5. Compartilhamento de dados das nossas interacções de negócios: O WhatsApp afirma que apenas as interacções com contas de negócios serão afectadas pela nova política de privacidade. Isto confirma que o WhatsApp não só colecta e armazena informações sobre nossas interacções com estas contas de negócios como também compartilha-as com o Facebook. Até mesmo compartilhar um artigo com alguém clicando em um botão de compartilhamento do WhatsApp num sítio de notícias é contado como interacção. Ele separa "conversas com amigos e familiares" e "conversas com negócios", considerando as primeiras "privadas" e as segundas não. Isto trai a ideia do Facebook, que considera todos os seus dados como vítimas fáceis para vigilância e ganho de dinheiro.

INTERAÇÕES COM "CONTAS DE NEGÓCIOS"

A Suprema Corte da Índia afirmou que a privacidade é um direito fundamental de todos os cidadãos da Índia. Infelizmente, uma nova lei de protecção de dados que permitirá esse direito fundamental ainda não foi formulada pelo governo de Modi. Convém reiterar que mesmo a interacção que temos com qualquer negócio é apenas entre as duas partes e o acesso indevido a tal informação já é uma violação da privacidade.

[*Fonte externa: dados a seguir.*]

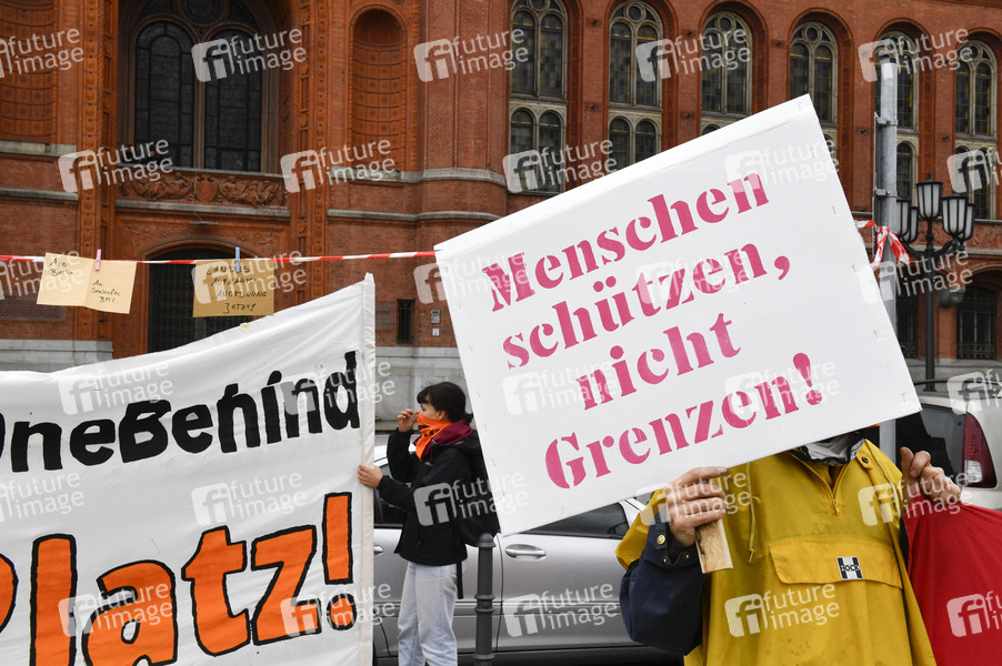 Demo, Demonstration, Demonstranten, Politik, Protest, Aktion, Evakuierung, Räumung, Flüchtlingslager, Menschenrechte, Demo, Rotes Rathaus, Initiative Seebrücke, Flüchtlingspolitik, Asyldebatte, Asylpolitik, Einwanderung, Zuwanderung, Asylrecht, Asylgesetz
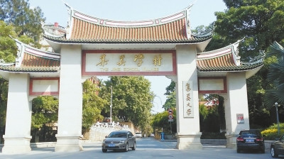 集美学村校门。(福建日报/吴在平 摄)从(福建)厦门岛内乘车,一路向东,行至高集海堤,集美新城便映入眼帘。凭窗望去,一排排红墙绿瓦的高大建筑,鳞次栉比,错落于海天之间,间或亭榭碑塔,掩映于绿树浓荫之中。这里就是华侨领袖陈嘉庚先生的故乡。
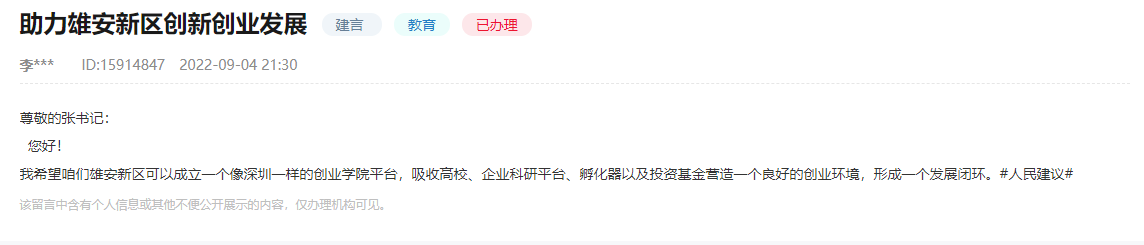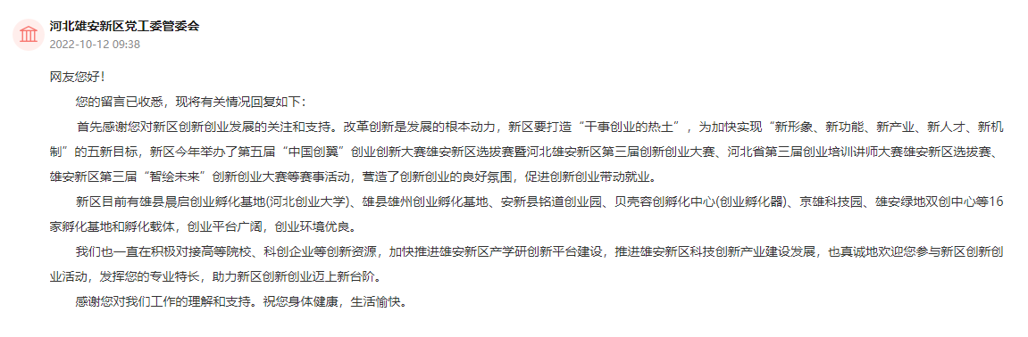 雄安新區黨工委管委會在留言回復中表示,真誠歡迎網友參與雄安新區創新創業活動,發揮專業特長,助力雄安新區創新創業邁上新臺階。
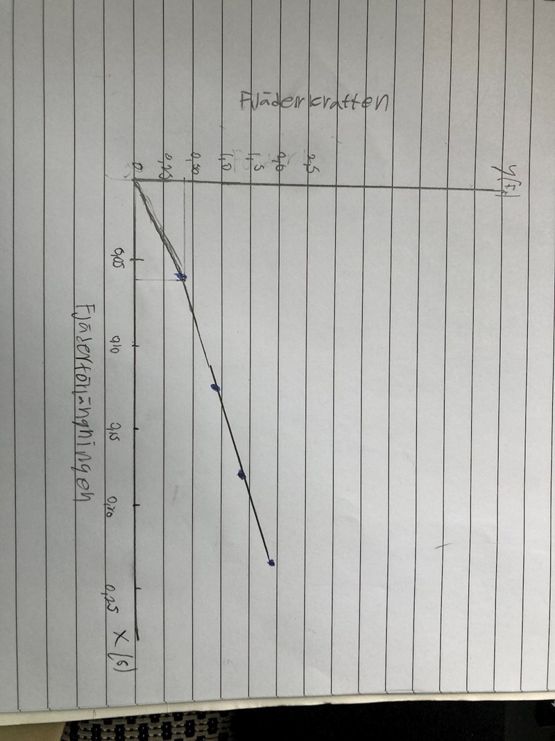 Borde jag kunna använda det den formel som vi använde oss utav innan som visade att fjäderkonstanten plus diagrammet och svara. Fjäderkonstanten är 8,0 N/m
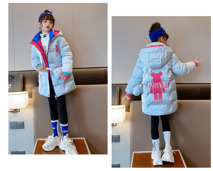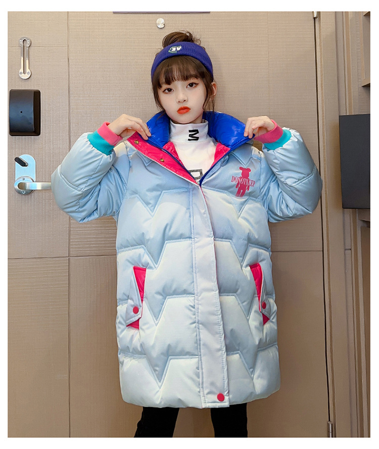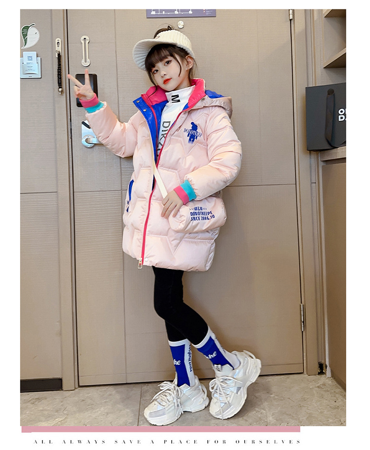 여아용 다운 코튼 자켓 2025 겨울 신상 스타일리시 두꺼운 아동용 코튼 코트 여아용 중간 길이 코튼 자켓 트렌디스토어 가기
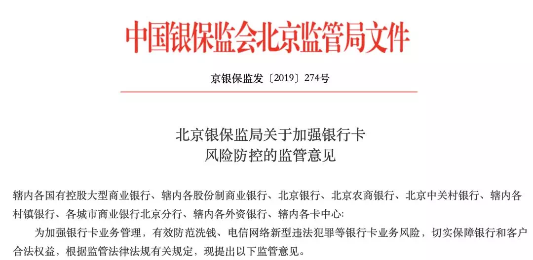 据每日经济新闻,在今年8月底,北京银保监局发布《关于加强银行卡风险防控的监管意见》,在13条监管措施中有5条直指信用卡业务,其中一条就提到“加强信用卡资金流向监控”:

Ao monitorar nossas interacções com contas de negócios, o WhatsApp visa colectar não apenas nossos chats, mas todas as informações relacionadas acerca da nossa actividade em vários aplicativos / sítios de terceiros. Por exemplo, se um sítio de reserva de ingressos enviar a confirmação de um filme, ou se comprar algo num aplicativo de comércio electrónico que lhe envia uma factura, ela será arrecadada pelo WhatsApp. Todos esses dados também serão compartilhados com o Facebook e depois utilizados para mostrar anúncios relacionados quando estiver no WhatsApp ou no Facebook. O WhatsApp será a única entidade a decidir quais empresas têm permissão para exibir anúncios. Com isso, o WhatsApp poderá forçar tais empresas a compartilhar nossos dados com o Facebook e permitir que o Facebook capture ainda mais dados a nosso respeito.

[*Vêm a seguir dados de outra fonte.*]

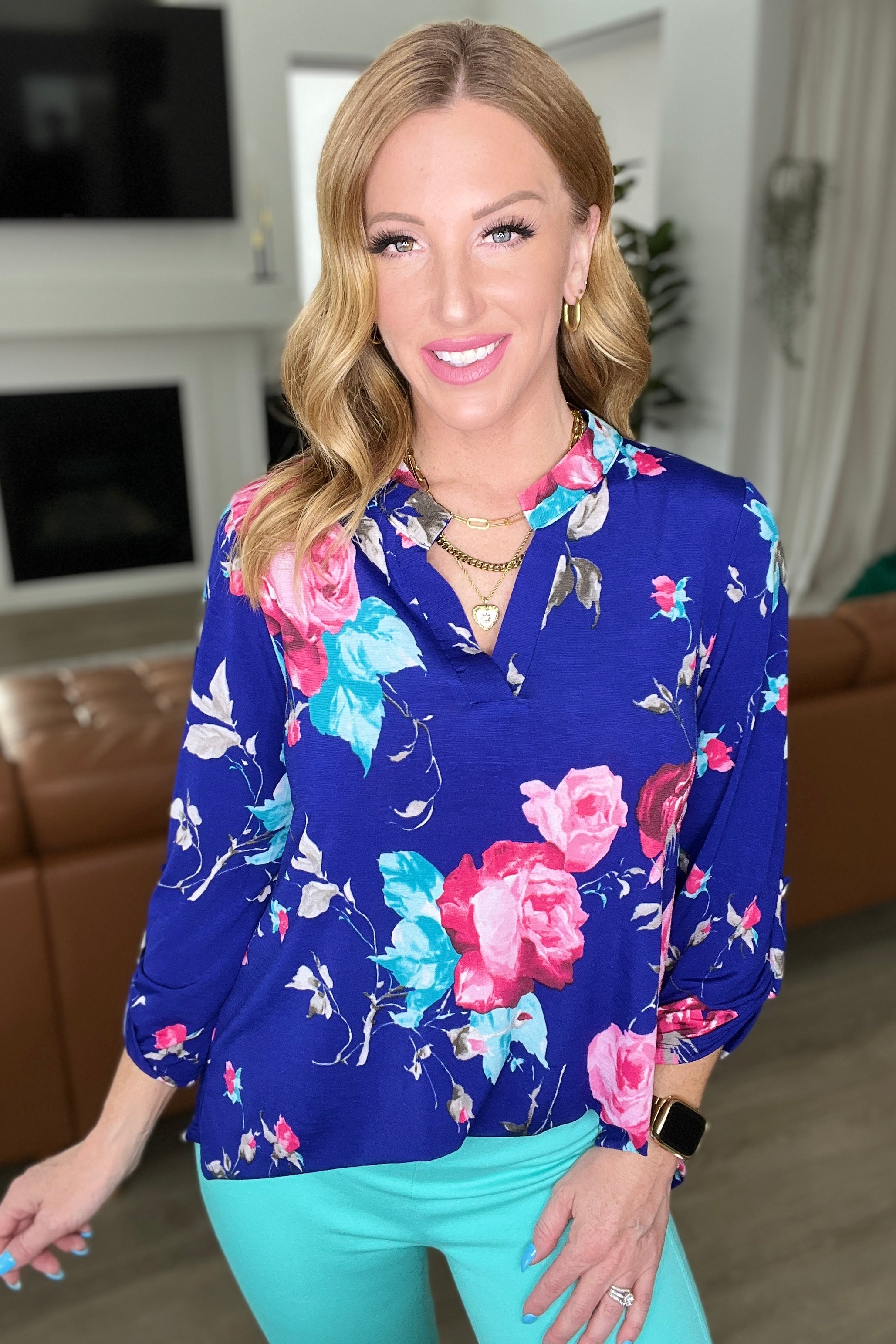 Transform your closet with the Lizzy Top in Royal Floral. Made from Bulgari, this top features a gabby neckline and button rolled sleeve tabs for a comfortable, yet eye-turning piece. The 3/4 sleeve and scoop hem add flow to the already stylish piece. Experience comfort and style in one with the Lizzy Top.
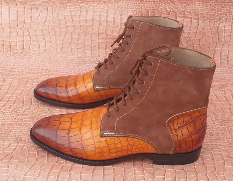 Men's Pure Handmade Tan & Brown Alligator Textured Leather Suede Ankle High Lace Up Boots
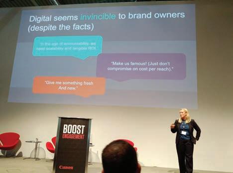 combinazione tra comunicazione stampata e digitale all’interno del negozio. Per questo saranno sempre più richieste tecnologie di stampa versatili e semplici da utilizzare. «Come la nuova Pro9541WT – aggiunge Lopez – progettata per effettuare la personalizzazione direttamente in store». Secondo il management Canon, sebbene alcuni mercati siano in flessione, i volumi di crescita in alcuni segmenti applicativi – come quello dell’interior decoration – sono destinati ad aumentare. L’introduzione della nuova Colorado 1650 nasce proprio dal desiderio di venire incontro a questa nuova tipologia d’utente. Grazie alla tecnologia Océ FLX finish, infatti, è possibile ottenere effetti lucidi o opachi su ogni singolo foglio stampato, senza dover cambiare tipologia di supporto o

A AMEAÇA DO FACEBOOK À PRIVACIDADE E DEMOCRACIA

As compras feitas pelo Facebook – Instagram, WhatsApp – construíram um monopólio dos media sociais. Isto é feito explorando dados de indivíduos e comunidades para obter lucro. Seu crescimento é directamente proporcional à erosão sistemática da privacidade da sua base de utilizadores. Vincular os dados do WhatsApp ao Facebook sem nenhuma razão aparente além de monitorar nosso comportamento nas redes sociais e controlá-las fortaleceria ainda mais esse monopólio. Também permitirá que o Facebook explore nossos dados para micro-segmentação. O enfraquecimento da privacidade dos utilizadores é o principal motivo das acções judiciais anti-monopólio movidas pela Federal Trade Commission e 46 governos estaduais contra o Facebook.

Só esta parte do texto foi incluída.